▶ **Required work**:
Return the entries verbatim and drop every picture.
*** Available data ***
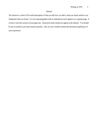 The document provides instructions for writing an APA-style research report, covering sections such as the abstract, introduction, method, results, and discussion. It describes the key elements that should be included in each section, such as stating the research question in the abstract, justifying hypotheses with past research in the introduction, and explaining the implications of the results in the discussion section. Guidelines are provided for formatting references according to APA style.
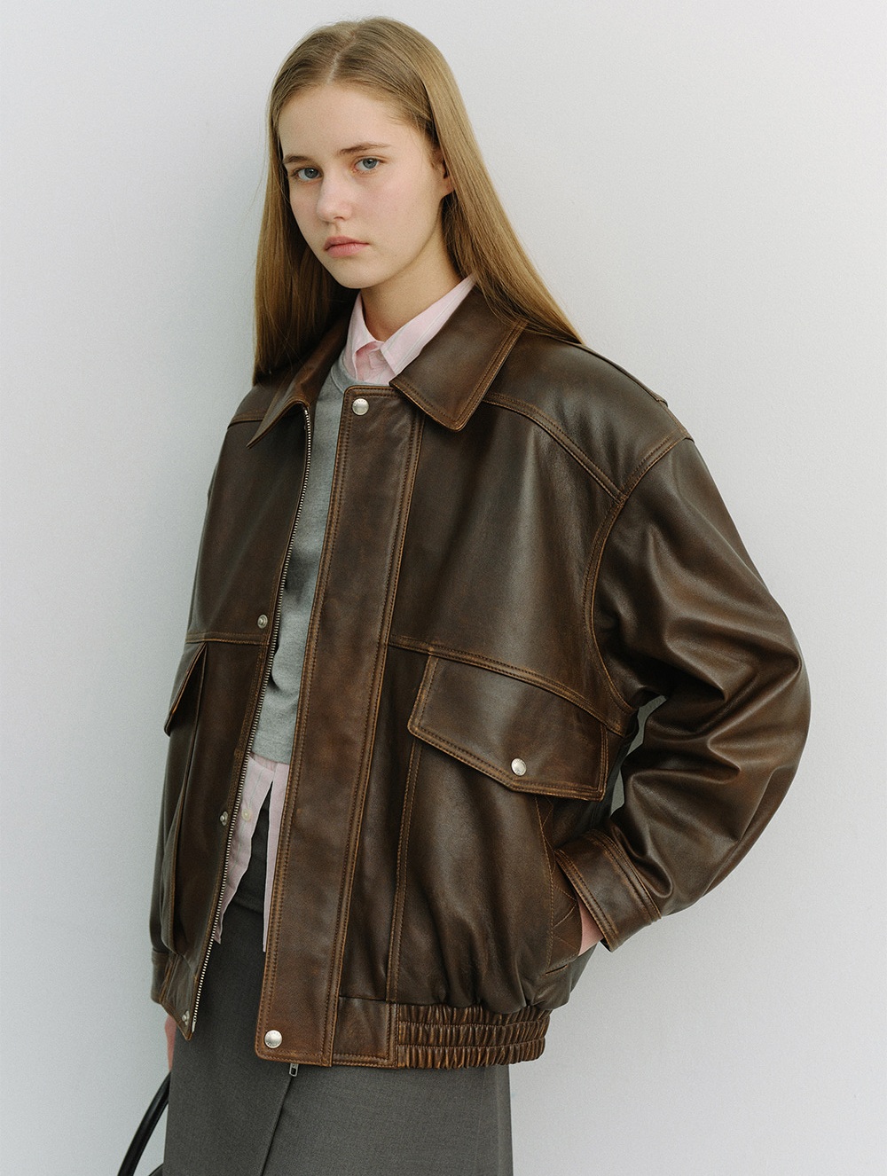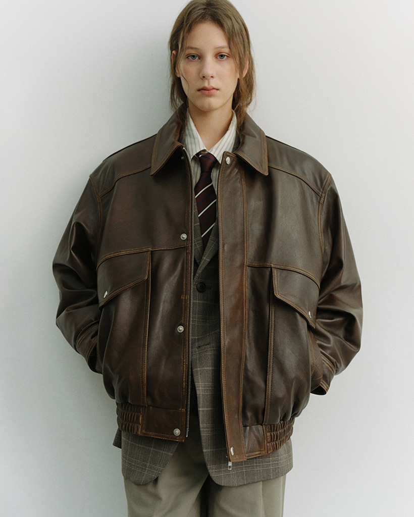 UNISEX OVERSIZED VINTAGE LEATHER BLOUSON BRUSHED BROWN_UDJU6A103W2
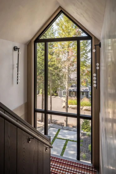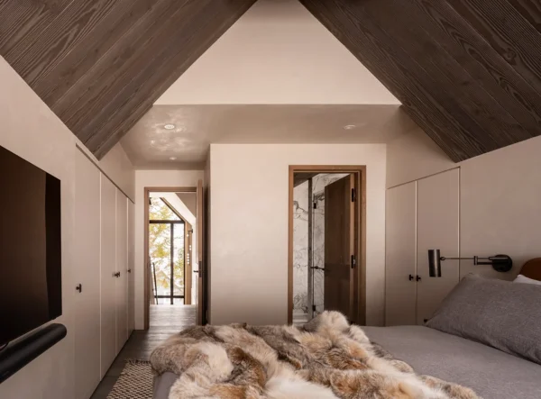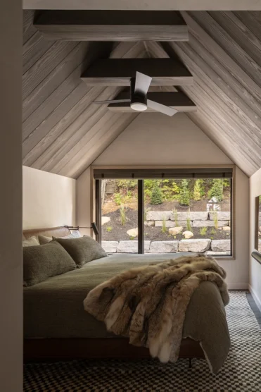 Upstairs, the home’s A-frame structure is expressed in the primary suite, where wood ceilings and exposed beams bring a rustic quality to the space. “The necessity of a high-pitched roof for snow shedding became an expressive design element,” he says of the decision to embrace this existing element of the home.
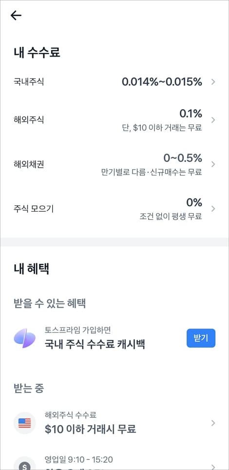 추가로 내가 받는 혜택과 받는 중인 혜택도 확인 가능한데요. 예를 들면 토스프라임 가입해서 국내주식 수수료 캐시백하거나 환율 우대, 실시간 시세 무료 등이 있습니다.
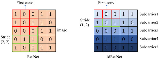 ResNet is usually used to extract the features of RGB images. There is a large amount of local information in the images, but each line of OFDM signal represents a subcarrier with timing information inside. Therefore, it is more reasonable to use 1-dimensional convolution and adjust the step size in OFDM data.
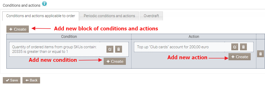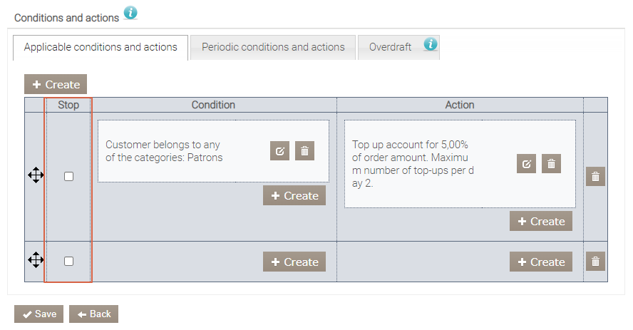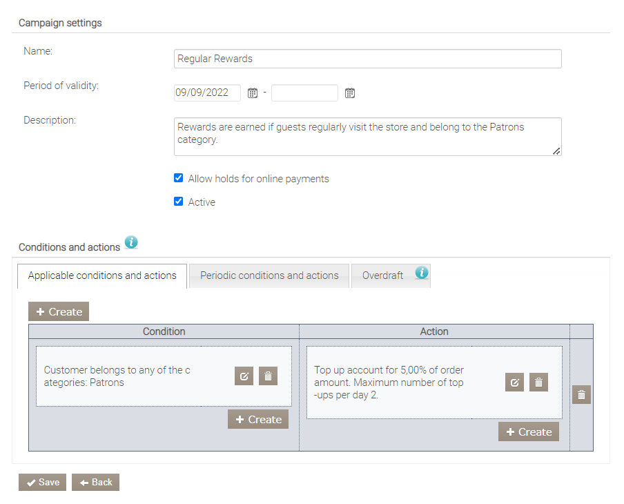 Warunki i działania okresowe. Działania są wykonywane automatycznie według ustalonego harmonogramu, który można uzupełnić o zdarzenie – wymaganą liczbę zamówień lub osiągnięte kwoty zamówień. Tutaj można skonfigurować następujące opcje: doładowanie konta, wyzerowanie kredytu oraz włączenie do lub wyłączenie z kategorii według harmonogramu, w dniu urodzin lub pod warunkiem kategorii i innych warunków. Na przykład, zgodnie z programem posiłków pracowniczych, pracownicy codziennie otrzymują 5 € kredytu na swoich kontach, który mogą wykorzystać podczas przerw na lunch.
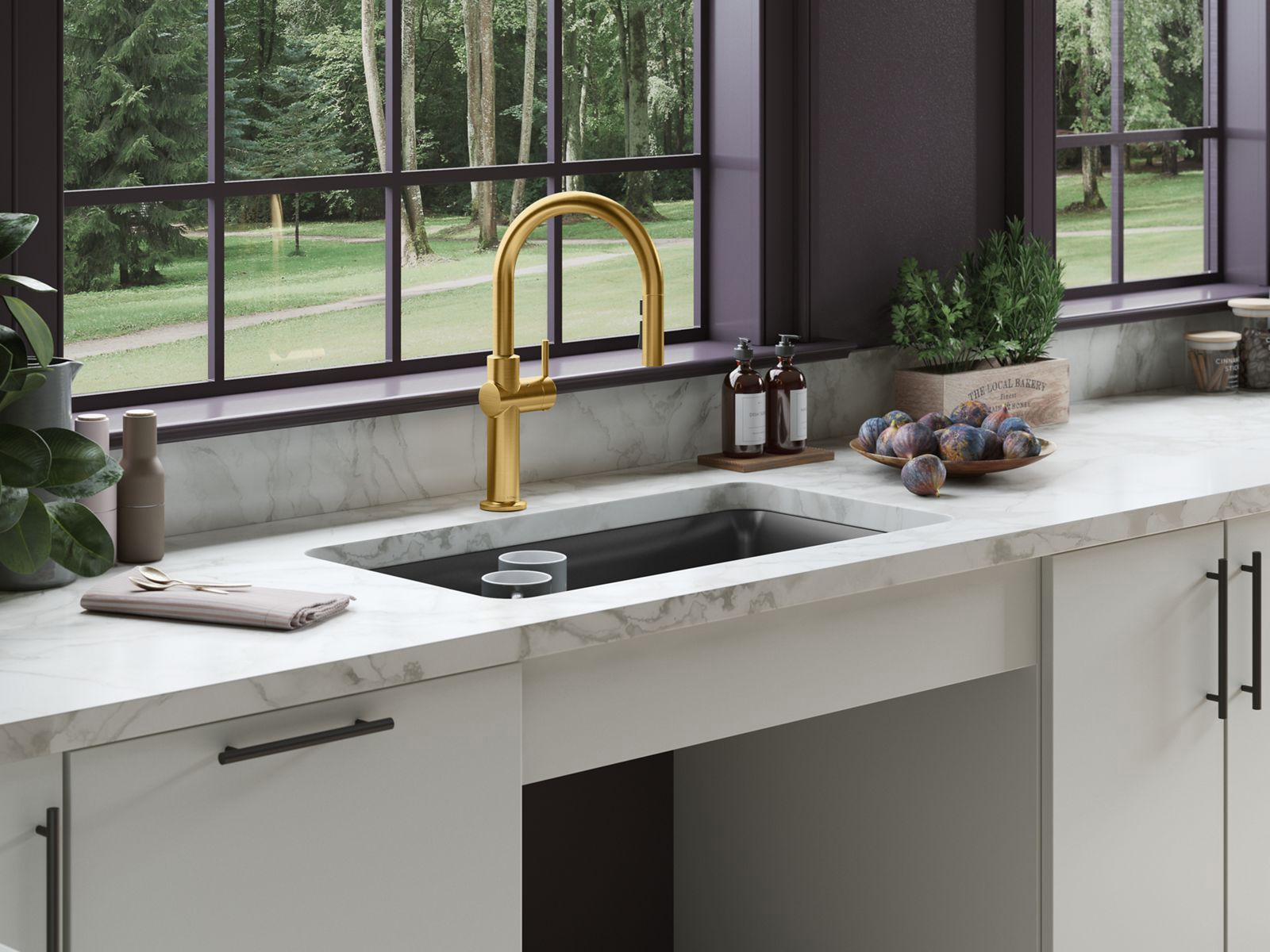 A model of clean, sophisticated design, the Crue kitchen faucet collection represents a true high point in user-focused plumbing design for the kitchen. The silhouette — a simple arched spout and single lever handle — offers a straightforward style that adapts to nearly any kitchen design. It’s this contemporary look, paired with thoughtful functionality, that makes the Crue collection a modern marvel.
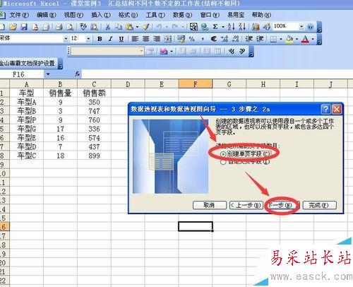 2、點按命令欄數(shù)據(jù)命令,在彈出的菜單中點按數(shù)據(jù)透視表和數(shù)據(jù)透視圖命令,在彈出的數(shù)據(jù)透視表和數(shù)據(jù)透視圖向?qū)?步驟之1中點選多重合并計算數(shù)據(jù)區(qū)域,然后點選數(shù)據(jù)透視表,然后點按下一步,在下一個對話框中點選創(chuàng)建單頁字段,然后繼續(xù)點按下一步
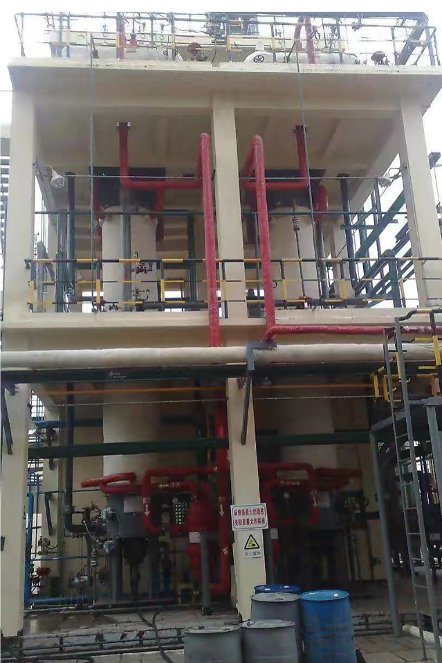 氯氣與氫氣反應(yīng)生成氯化氫時,釋放出大量反應(yīng)熱,完全可以用來副產(chǎn)蒸汽。公司開發(fā)出全自控副產(chǎn)0.3-0.5MPa蒸汽氯化氫合成裝置,氯化氫合成爐從上到下由冷卻段、副產(chǎn)蒸汽段和合成段三部分組成。合成爐副產(chǎn)蒸汽段位于高溫區(qū)段,采用全石墨爐筒或鋼制水冷壁爐筒;在合成段頂部和底部鋼材容易受腐蝕的區(qū)段,采用石墨材料制作;既克服了石墨爐筒強度低和使用溫度受限制的缺點,又克服了合成段和冷卻段容易腐蝕的缺點。該裝置全自動DCS控制,遠程自動點火,氫氣和氯氣自動配比控制,制酸自動控制,具有多種安全連鎖保護系統(tǒng);在保證正常工藝操作條件的情況下,能保持長時間穩(wěn)定的運行,企業(yè)可按正常的檢修計劃作業(yè),避免了非正常的停車檢修,為企業(yè)節(jié)省了大量的檢修費用和非正常停車所造成的損失。
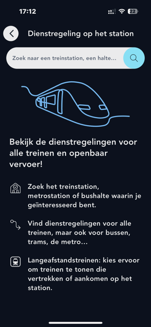 Tik op de startpagina van de app op ‘Dienstregeling op het station’
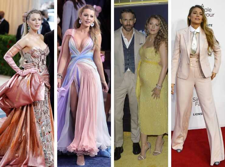 Poco dopo, sul tappeto rosso del Met Gala 2022, Blake Lively ha lasciato il segno nella storia dell’evento newyorkese indossando una creazione double face di Versace, i cui colori richiamano la Statua della Libertà, passando dal rame al blu marino. Il cambio look è avvenuto in corsa sulle scalinate del Metropolitan Museum of Art. Ed è sempre Versace l’abito dalle sfumature arcobaleno pastello scelto per la première di The Adam Project, film con protagonista Ryan Reynolds. L’abito con delicata mantella gioca con intrecci plissé e fa parte della collezione Primavera 2019 della maison. Giallo sole è il midi rivestito di micro paillettes che l’attrice ha sfoggiato alla première di Pokeman Detective Pikachu a New York nel 2019. Infine, per Un piccolo favore a Londra, ha optato per un tailleur rosa cipria di Ralph Lauren Collection.
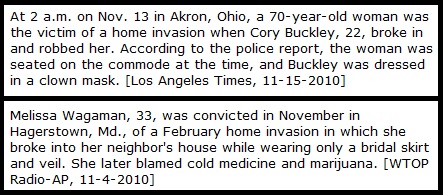 On the one hand we have a woman robbed while on the toilet by a clown, and on the other hand a woman who broke into a house half naked and high. On the whole. which victim would you rather be?
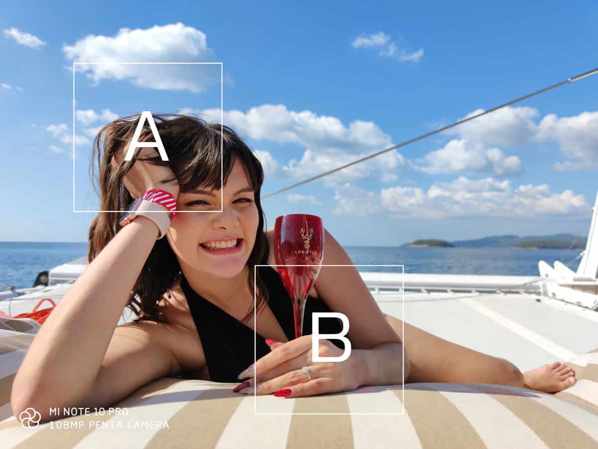 ถ่ายภาพในสภาพแสงจ้ามากๆ หรือย้อนแสง ก็ไม่ใช่ปัญหา อย่างซีนที่ถ่ายบนเรือยอร์ชกลางทะเล เราสามารถเล่นกับแสงได้อย่างสนุก โดยไม่ต้องกลัวว่านางแบบจะหน้ามืดหรือมองเห็นไม่ชัด ระบบช่วยปรับเฉลี่ยความสว่างของภาพให้เรียบร้อย หรืออยากจะถ่ายแบบ silhouette เน้นเป็นเงาดำเล่นกับแสงและภาพของฉากหลัง ก็ทำได้สวยงามเทียบเท่ากับใช้กล้องโปรถ่ายได้เลย
*** End of Available data ***
▶ **Answer section**:
 The document provides instructions for writing an APA-style research report, covering sections such as the abstract, introduction, method, results, and discussion. It describes the key elements that should be included in each section, such as stating the research question in the abstract, justifying hypotheses with past research in the introduction, and explaining the implications of the results in the discussion section. Guidelines are provided for formatting references according to APA style.
 UNISEX OVERSIZED VINTAGE LEATHER BLOUSON BRUSHED BROWN_UDJU6A103W2
 Upstairs, the home’s A-frame structure is expressed in the primary suite, where wood ceilings and exposed beams bring a rustic quality to the space. “The necessity of a high-pitched roof for snow shedding became an expressive design element,” he says of the decision to embrace this existing element of the home.
 추가로 내가 받는 혜택과 받는 중인 혜택도 확인 가능한데요. 예를 들면 토스프라임 가입해서 국내주식 수수료 캐시백하거나 환율 우대, 실시간 시세 무료 등이 있습니다.
 ResNet is usually used to extract the features of RGB images. There is a large amount of local information in the images, but each line of OFDM signal represents a subcarrier with timing information inside. Therefore, it is more reasonable to use 1-dimensional convolution and adjust the step size in OFDM data.
 Warunki i działania okresowe. Działania są wykonywane automatycznie według ustalonego harmonogramu, który można uzupełnić o zdarzenie – wymaganą liczbę zamówień lub osiągnięte kwoty zamówień. Tutaj można skonfigurować następujące opcje: doładowanie konta, wyzerowanie kredytu oraz włączenie do lub wyłączenie z kategorii według harmonogramu, w dniu urodzin lub pod warunkiem kategorii i innych warunków. Na przykład, zgodnie z programem posiłków pracowniczych, pracownicy codziennie otrzymują 5 € kredytu na swoich kontach, który mogą wykorzystać podczas przerw na lunch.
 A model of clean, sophisticated design, the Crue kitchen faucet collection represents a true high point in user-focused plumbing design for the kitchen. The silhouette — a simple arched spout and single lever handle — offers a straightforward style that adapts to nearly any kitchen design. It’s this contemporary look, paired with thoughtful functionality, that makes the Crue collection a modern marvel.
 2、點按命令欄數(shù)據(jù)命令,在彈出的菜單中點按數(shù)據(jù)透視表和數(shù)據(jù)透視圖命令,在彈出的數(shù)據(jù)透視表和數(shù)據(jù)透視圖向?qū)?步驟之1中點選多重合并計算數(shù)據(jù)區(qū)域,然后點選數(shù)據(jù)透視表,然后點按下一步,在下一個對話框中點選創(chuàng)建單頁字段,然后繼續(xù)點按下一步
 氯氣與氫氣反應(yīng)生成氯化氫時,釋放出大量反應(yīng)熱,完全可以用來副產(chǎn)蒸汽。公司開發(fā)出全自控副產(chǎn)0.3-0.5MPa蒸汽氯化氫合成裝置,氯化氫合成爐從上到下由冷卻段、副產(chǎn)蒸汽段和合成段三部分組成。合成爐副產(chǎn)蒸汽段位于高溫區(qū)段,采用全石墨爐筒或鋼制水冷壁爐筒;在合成段頂部和底部鋼材容易受腐蝕的區(qū)段,采用石墨材料制作;既克服了石墨爐筒強度低和使用溫度受限制的缺點,又克服了合成段和冷卻段容易腐蝕的缺點。該裝置全自動DCS控制,遠程自動點火,氫氣和氯氣自動配比控制,制酸自動控制,具有多種安全連鎖保護系統(tǒng);在保證正常工藝操作條件的情況下,能保持長時間穩(wěn)定的運行,企業(yè)可按正常的檢修計劃作業(yè),避免了非正常的停車檢修,為企業(yè)節(jié)省了大量的檢修費用和非正常停車所造成的損失。
 Tik op de startpagina van de app op ‘Dienstregeling op het station’
 Poco dopo, sul tappeto rosso del Met Gala 2022, Blake Lively ha lasciato il segno nella storia dell’evento newyorkese indossando una creazione double face di Versace, i cui colori richiamano la Statua della Libertà, passando dal rame al blu marino. Il cambio look è avvenuto in corsa sulle scalinate del Metropolitan Museum of Art. Ed è sempre Versace l’abito dalle sfumature arcobaleno pastello scelto per la première di The Adam Project, film con protagonista Ryan Reynolds. L’abito con delicata mantella gioca con intrecci plissé e fa parte della collezione Primavera 2019 della maison. Giallo sole è il midi rivestito di micro paillettes che l’attrice ha sfoggiato alla première di Pokeman Detective Pikachu a New York nel 2019. Infine, per Un piccolo favore a Londra, ha optato per un tailleur rosa cipria di Ralph Lauren Collection.
 On the one hand we have a woman robbed while on the toilet by a clown, and on the other hand a woman who broke into a house half naked and high. On the whole. which victim would you rather be?
 ถ่ายภาพในสภาพแสงจ้ามากๆ หรือย้อนแสง ก็ไม่ใช่ปัญหา อย่างซีนที่ถ่ายบนเรือยอร์ชกลางทะเล เราสามารถเล่นกับแสงได้อย่างสนุก โดยไม่ต้องกลัวว่านางแบบจะหน้ามืดหรือมองเห็นไม่ชัด ระบบช่วยปรับเฉลี่ยความสว่างของภาพให้เรียบร้อย หรืออยากจะถ่ายแบบ silhouette เน้นเป็นเงาดำเล่นกับแสงและภาพของฉากหลัง ก็ทำได้สวยงามเทียบเท่ากับใช้กล้องโปรถ่ายได้เลย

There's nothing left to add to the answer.